Chapter 9 spotlights nerves of (what are typically assumed to be) path-connected covers. It contains a very nice treatment of mapper and multiscale mapper, zeroing in on significant results in the one-dimensional setting and efficient algorithms (for both mapper and the multiscale version) for piecewise linear real-valued functions. The chapter concludes with a look at a combinatorial version of mapper generalizing to maps into arbitrary compact metric spaces. Then we move into discrete Morse theory in Chapter 10, including very interesting applications to the topic of graph reconstruction. After a quick introduction to discrete Morse functions and a look at stable and unstable manifolds in the discrete setting, the authors present three algorithms for computing persistence-based discrete Morse vector fields. They then use them for graph reconstruction purposes (relevant algorithms included!) applied to road networks and neuron networks.

Chapters 11 and 12 both cover multiparameter persistence, but with different focuses.
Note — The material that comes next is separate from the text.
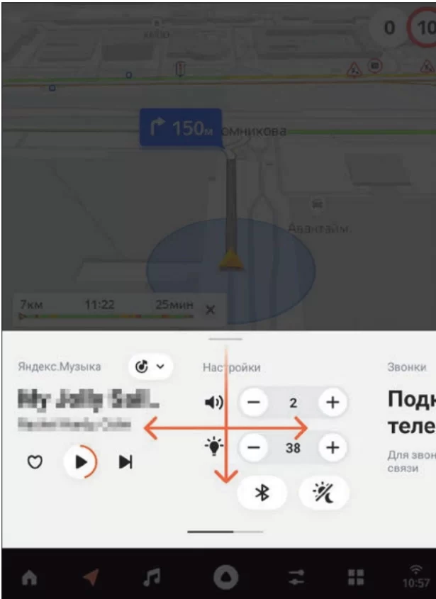 Дополнительную область можно скрыть на любом экране, кроме «Домашнего экрана» и экрана проекции Android Auto и Apple CarPlay – для этого потяните ее вниз, а чтобы открыть – потяните ее вверх от нижней части экрана. Кроме того, при переходе на какой-либо экран, на информационном блоке перестанет отображаться соответствующий виджет. Например, при переходе в экран Навигатора не будет отображаться навигационный виджет.

Chapter 11 begins by reframing standard persistence modules as graded modules over polynomial rings, a formulation that extends more readily to the multiparameter setting. The focus in this chapter is on presentation maps and matrices of graded modules, together with algorithms for their computation. The chapter concludes with the notions of rank invariants and graded Betti numbers, as well as their implications for defining analogues of barcodes in the multiparameter setting. On the other hand, Chapter 12 centers on definitions of and algorithms for computing distances between multiparameter persistence modules, namely, the interleaving, matching, and bottleneck distances.

The final chapter in the book, Chapter 13, contains numerous references to very recent research on the connections between topological data analysis/persistent homology and machine learning. The authors explore how researchers have begun to address fundamental questions in this area, such as how to appropriately do feature vectorization, how to assign a kernel on the space of persistence diagrams, how to optimize "topological loss functions," and how to do statistics on topological summaries such as the space of persistence diagrams. This chapter left me wanting more - in a good way!
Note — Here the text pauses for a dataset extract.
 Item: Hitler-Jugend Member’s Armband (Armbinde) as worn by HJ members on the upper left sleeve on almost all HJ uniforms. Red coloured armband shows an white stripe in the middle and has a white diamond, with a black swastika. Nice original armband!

There are many things to appreciate about this book, including the abundance of excellent and helpful figures, the extensive reference list, and the variety of instructive exercises for students to work through...not to mention that algorithms are the name of the game throughout. It is perfectly suited for a graduate-level course in a mathematics OR computer science department. Indeed, CS graduate students can learn the relevant topology (and it is presented in all of its technical glory), and math graduate students can be exposed to the nuances of algorithm design and complexity. Thanks to its inclusion of so much cutting-edge recent work and state-of-the-art algorithms, this is an ideal book for mathematicians or computer scientists looking to dive into this exciting and still very young area of research.

Ellen Gasparovic is an Associate Professor in the department of mathematics at Union College in Schenectady, NY. Her research interests are in applied and computational topology and geometry, topological data analysis, image and shape analysis, and differential topology.